I'm trying to scrape ~1500 URLs in a Node process(es) using the puppeteer-cluster package: https://github.com/thomasdondorf/puppeteer-cluster
I'm doing this on a DigitalOcean droplet with 2GB of RAM, but I'm getting repeated "Navigation failed because browser has disconnected" errors no matter how I tweak the settings. Tempted to remove the package and try to roll it myself to see if I can get better results. Is there something I'm missing?

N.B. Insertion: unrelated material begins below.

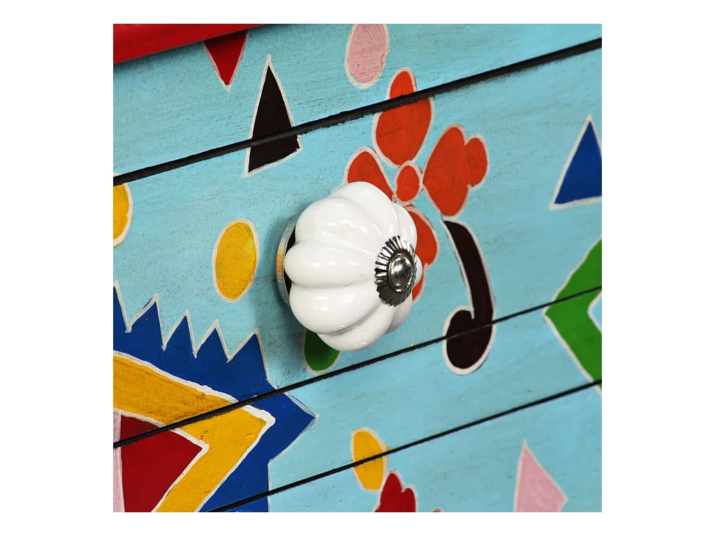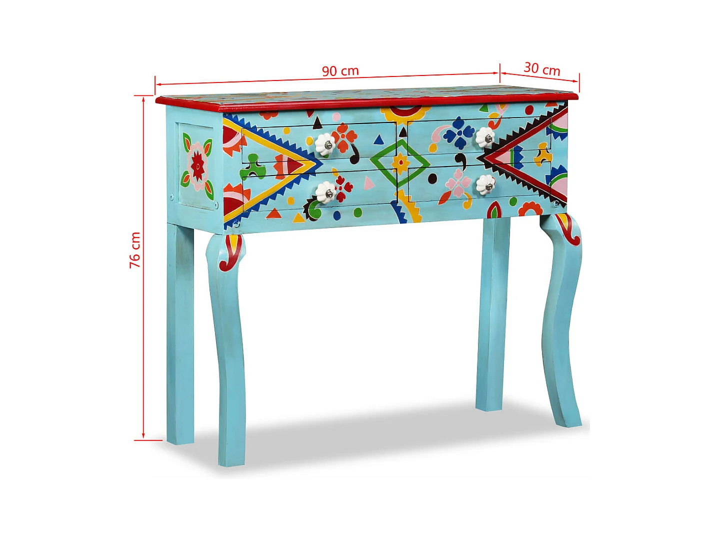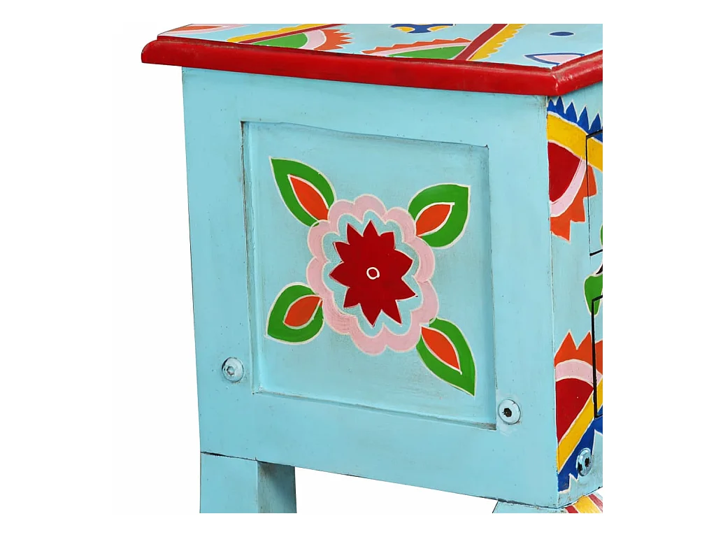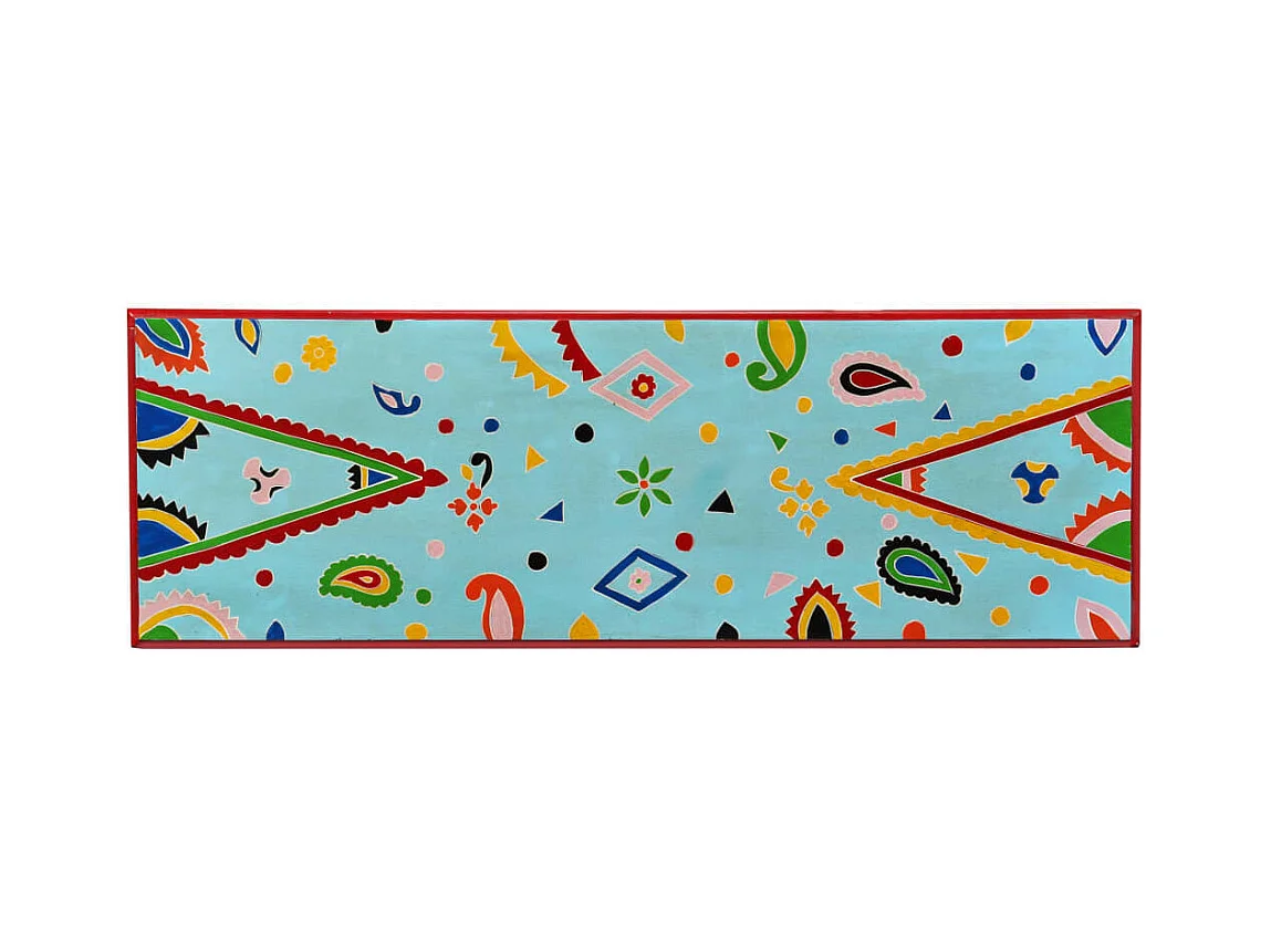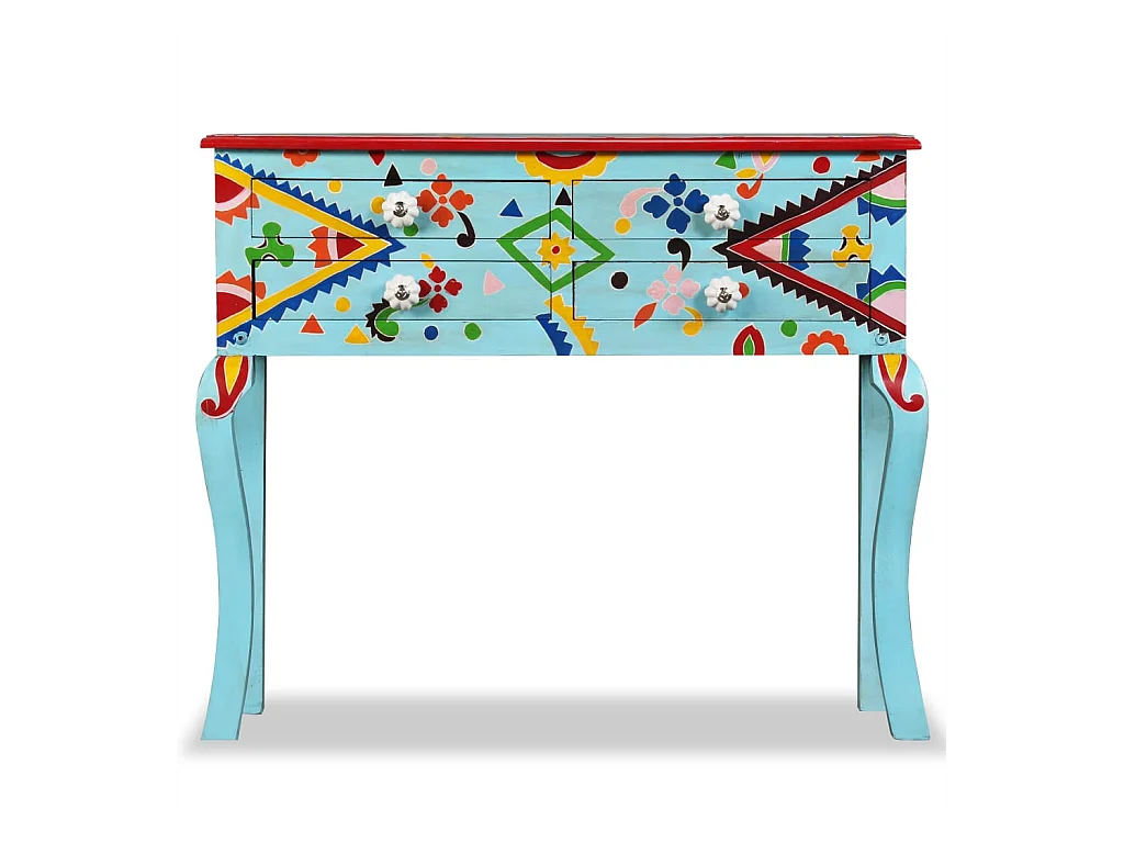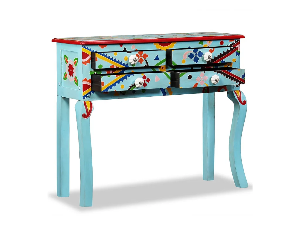 Table console Bois de manguier massif Bleu peint à la main
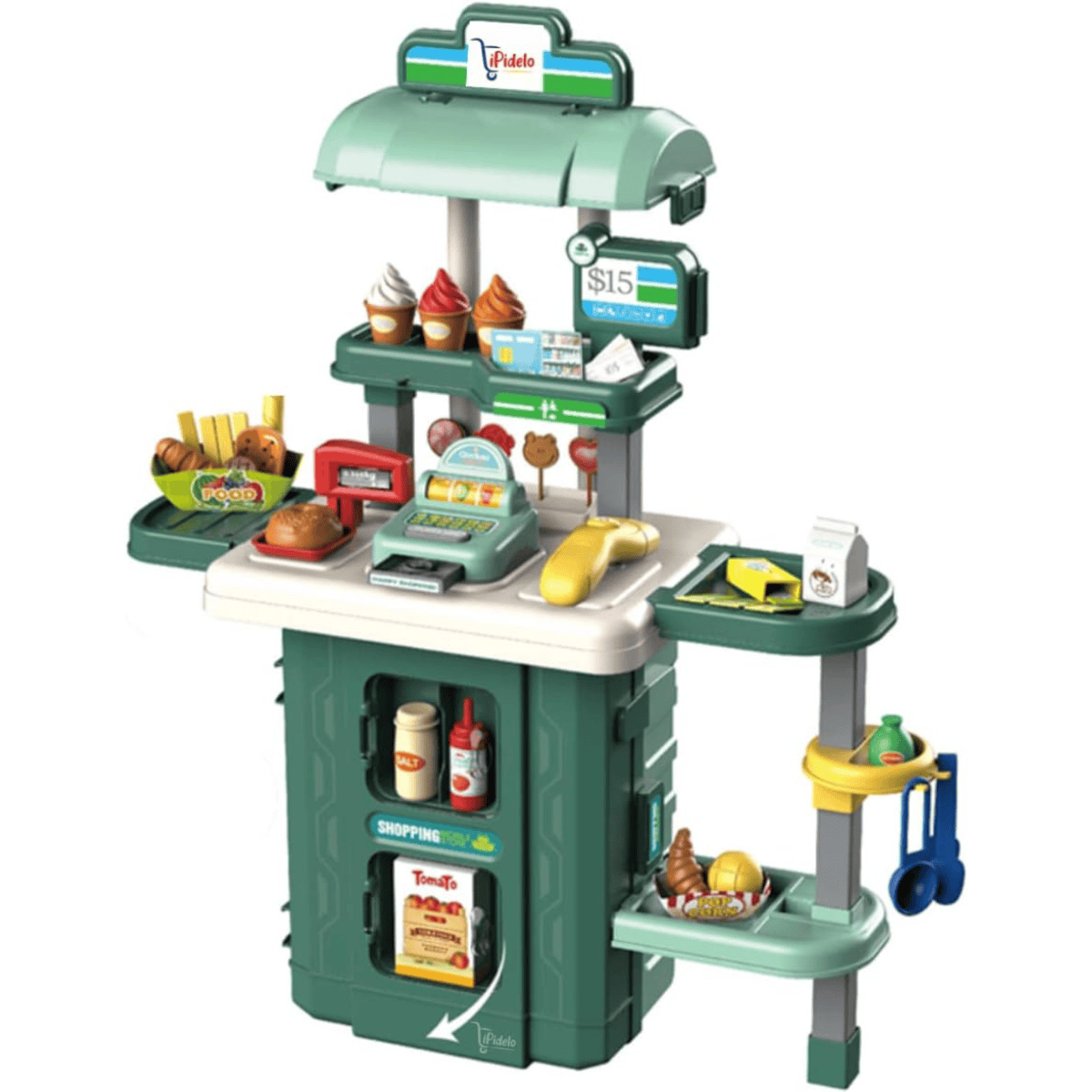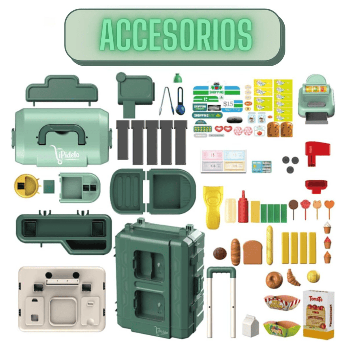 - Contenido: Maleta 2 en 1, cajero automático con sonidos, dinero de juguete, comida de juguete (frutas, verduras), stickers, canasta y más accesorios.

Here's the gist of the code I'm working with:
try {
cluster = await Cluster.launch({
concurrency: Cluster.CONCURRENCY_BROWSER,
puppeteerOptions: {
args: ["--disable-setuid-sandbox", "--no-sandbox"]
},
maxConcurrency: 4
});
} catch (e) {
console.log(e.message);
}
cluster.on("taskerror", (err, data) => {
console.log(`Error while crawling: ${err.message}, with this data:`);
console.log(data);
});
await cluster.task(async ({ page, data }) => {
// Do stuff...
const {sitemapObject} = data;
await page.goto(url);
let result = await page.evaluate(() => {
// I do some DOM manipulation stuff here.
let stuff = {};
return stuff;
}
});
for (let sitemapObject of sitemapObjects) {
await cluster.queue({
sitemapObject
});
}
try {
await cluster.idle();
await cluster.close();
} catch (error) {
console.log(error.message);
}